= Google Pack =

Google software

Google Pack logo

Google Pack was a collection of software tools offered by Google to download in a single archive. It was announced at the 2006 Consumer Electronics Show, on January 6. Google Pack was only available for Windows XP, Windows Vista, and Windows 7.

In September 2011, Google announced it would discontinue a number of its products, including Google Pack. Google Pack is no longer available for download.

==Available applications before discontinued service==
Users could choose which of the following software applications to install.
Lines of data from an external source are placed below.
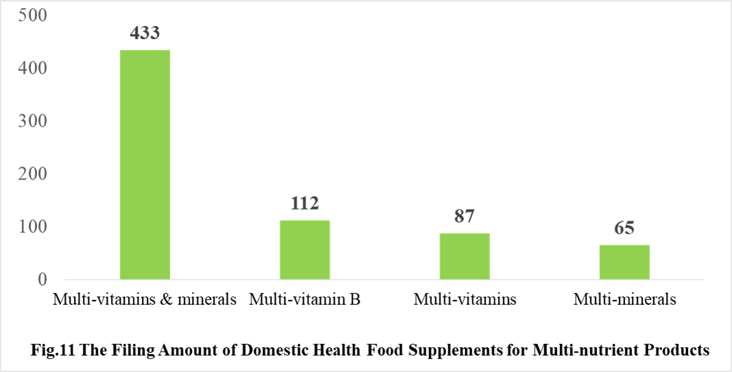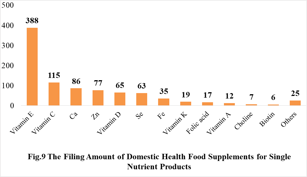 Among the domestically filed products in 2021, the most popular nutrition supplements are Vitamin C supplements, Calcium and Vitamin D supplements, Multi-vitamins & minerals supplements, which is 388, 188 and 433 respectively.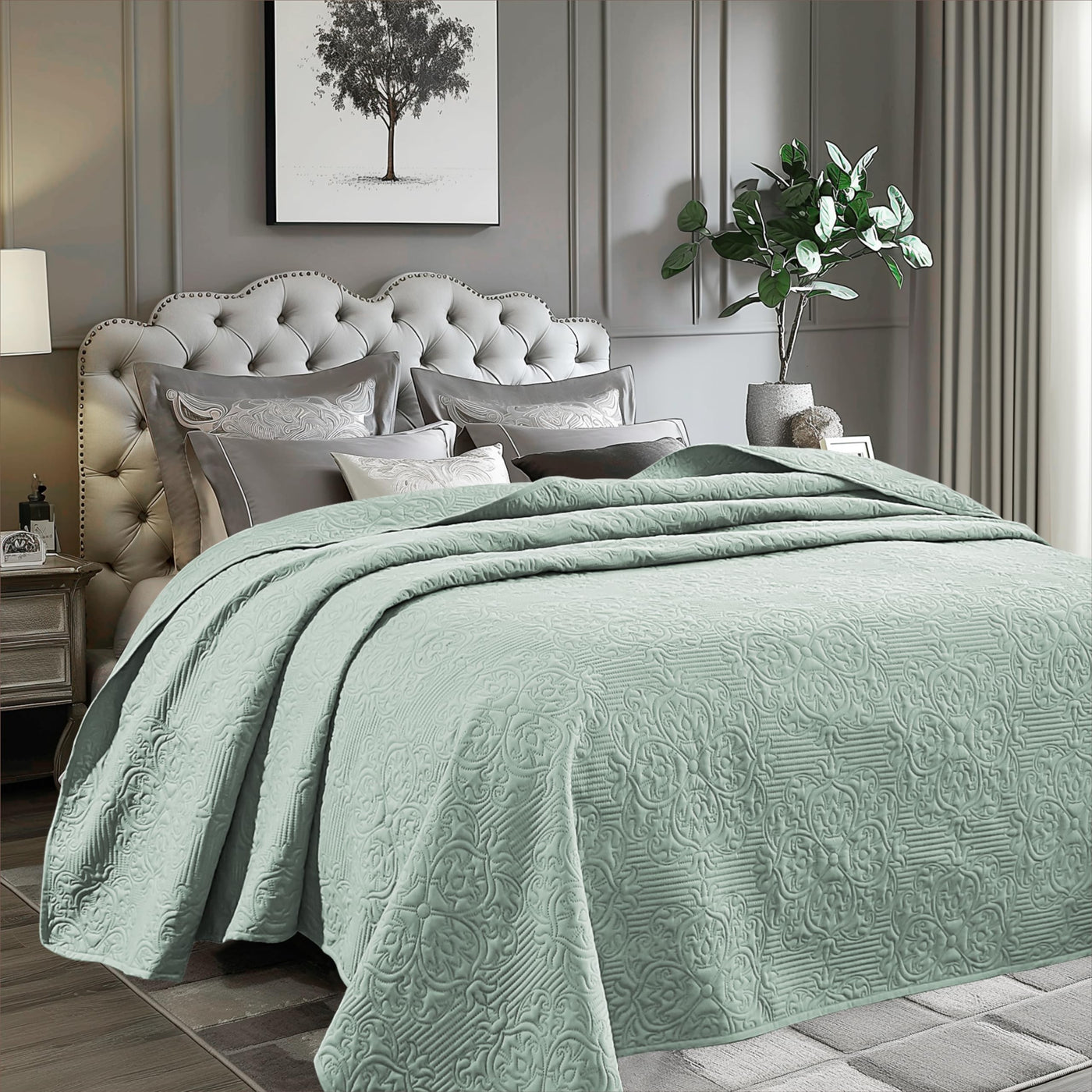 Sophia & William Bed Quilt Bedspread Coverlet - Reversible, Lightweight - Queen Size, Sage
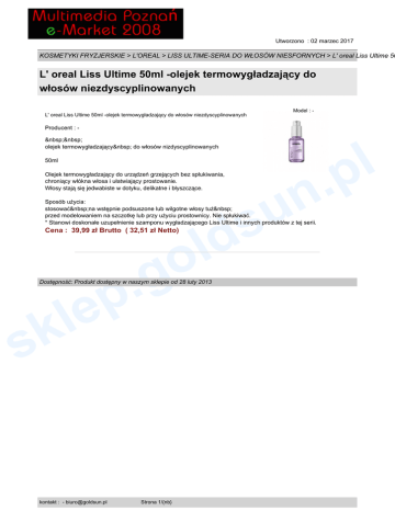 Utworzono : 02 marzec 2017 KOSMETYKI FRYZJERSKIE > L'OREAL > LISS ULTIME-SERIA DO WŁOSÓW NIESFORNYCH > L' oreal Liss Ultime 50 L' oreal Liss Ultime 50ml -olejek termowygładzający do włosów niezdyscyplinowanych Model : - L' oreal Liss Ultime 50ml -olejek termowygładzający do włosów niezdyscyplinowanych Producent : olejek termowygładzający do włosów nizdyscyplinowanych 50ml n u Olejek termowygładzający do urządzeń grzejących bez spłukiwania, chroniący włókna włosa i ułatwiający prostowanie. Włosy stają się jedwabiste w dotyku, delikatne i błyszczące. s ld Sposób użycia: stosować na wstępnie podsuszone lub wilgotne włosy tuż przed modelowaniem na szczotkę lub przy użyciu prostownicy. Nie spłukiwać. * Stanowi doskonałe uzupełnienie szamponu wygładzającego Liss Ultime i innych produktów z tej serii. Cena : 39,99 zł Brutto ( 32,51 zł Netto) p le o .g Dostępność: Produkt dostępny w naszym sklepie od 28 luty 2013 k s kontakt : - [email protected] Strona 1/{nb} l .p

If the application was already installed, Google Updater checked to see if the user had the latest version and upgraded it, if necessary.

The software applications that were available to download depended on the language, locale, and operating system.

===Google-branded===
- Google Desktop
- Picasa, a photograph organizer and editor
- Google Toolbar for Internet Explorer
- Google Photos Screensaver, which displays pictures from the user's computers
- Google Earth, an electronic globe
- Google Talk, an instant messaging and Voice over IP (VoIP) application
- Google Video Player, a multi-media player, now withdrawn
- Google Chrome, a free web browser developed by Google

=== Mac Software ===
- Google Quick Search Box
- Google Earth
- Picasa for Mac
- SketchUp
- Notifier for Mac
- Picasa Web Albums Uploader
- Toolbar for Firefox

===Third-party===
- Mozilla Firefox with Google Toolbar
- Spyware Doctor with Anti-Virus
- Adobe Reader, a document viewer
- RealPlayer, a multi-media player
- Skype, a VoIP application
- StarOffice, a productivity suite that includes a word processor, a spreadsheet and a presentation program.
- Immunet Protect Antivirus
- avast! Free Antivirus
- WebM for IE9

In March 2007, Google added two new applications to the Google Pack: Spyware Doctor Starter Edition and Norton Security Scan. These programs were free and did not require a subscription, unlike Norton AntiVirus. However, Norton Security Scan does not offer continuous protection against viruses. Norton Security Scan scans the computer and identifies if there are existing viruses, worms, spyware, unwanted adware or Trojans residing on it.
The program's functionality is similar to Microsoft's Windows Malicious Software Removal Tool.

Google has stated they have no monetary agreement with the makers of the above software and they offered the applications for the ease of Google's customers. They didn't receive any payment for providing the software pack, although Miguel Helft in his New York Times blog reported that an unidentified source stated that Google may pay Sun for each copy of StarOffice. StarOffice was no longer part of Google Pack since November 2008.

Google has included the VoIP application Skype in the pack, even though it is a competitor of Google's own Google Talk.

Some industry observers claimed that the release was little more than a collection of software "that Google's wrapped a rubber band around".

=== Former third-party before discontinued service ===
- Ad-Aware
- GalleryPlayer
- Norton Antivirus Special Edition 2005, which included a 6-month subscription
- Norton Security Scan
- Trillian
- Spyware Doctor Starter Edition

== Google Updater ==
Google Pack came with Google Updater as a package management system to assist in downloading, installing, removing, and automatically updating the Pack's applications. Updater could be uninstalled without removing the applications.